What is being asked:
Print the data exactly as written, but leave out each picture.

Information supplied:
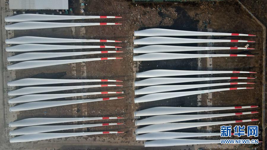 這是河北省威縣一家風電設施生產(chǎn)企業(yè)內的大型風電機組葉片(12月8日攝,無人機照片)。新華社記者 牟宇 攝
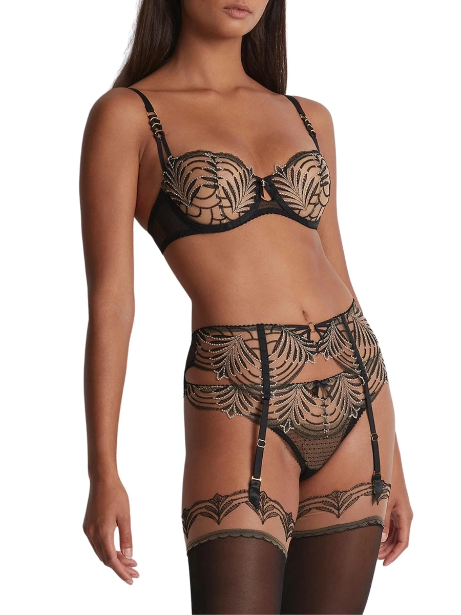 Add a touch of glamour to your lingerie collection with the Hypnolove Tanga. This exquisite piece is crafted with sheer tulle adorned with graphic embroidery, elegant crystal diamanté, and bondage-style lacing for an exquisite look. Exude confidence and charm with this luxurious piece.
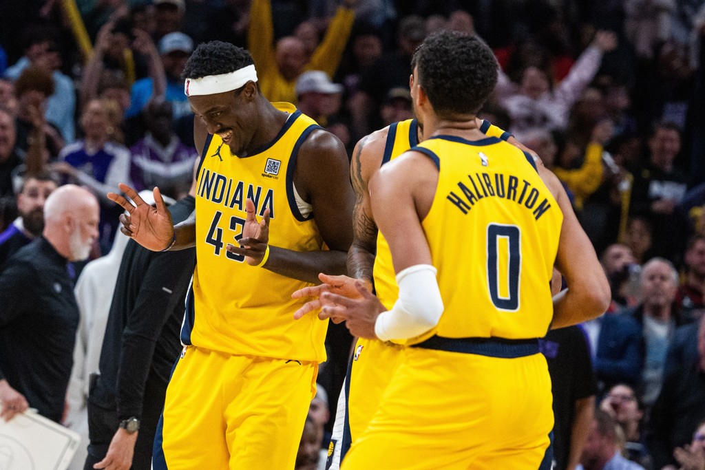 本场比赛,西亚卡姆出战32分钟,23投15中,三分5中3,罚球8中6,狂轰生涯新高的39分(此前最高分37分),外加4板3助1断;哈利伯顿在35分钟的时间里,投篮16中5,三分球10中3,罚球2中1,拿到14分8篮板11助攻2抢断的数据。

Output below:
 這是河北省威縣一家風電設施生產(chǎn)企業(yè)內的大型風電機組葉片(12月8日攝,無人機照片)。新華社記者 牟宇 攝
 Add a touch of glamour to your lingerie collection with the Hypnolove Tanga. This exquisite piece is crafted with sheer tulle adorned with graphic embroidery, elegant crystal diamanté, and bondage-style lacing for an exquisite look. Exude confidence and charm with this luxurious piece.
 本场比赛,西亚卡姆出战32分钟,23投15中,三分5中3,罚球8中6,狂轰生涯新高的39分(此前最高分37分),外加4板3助1断;哈利伯顿在35分钟的时间里,投篮16中5,三分球10中3,罚球2中1,拿到14分8篮板11助攻2抢断的数据。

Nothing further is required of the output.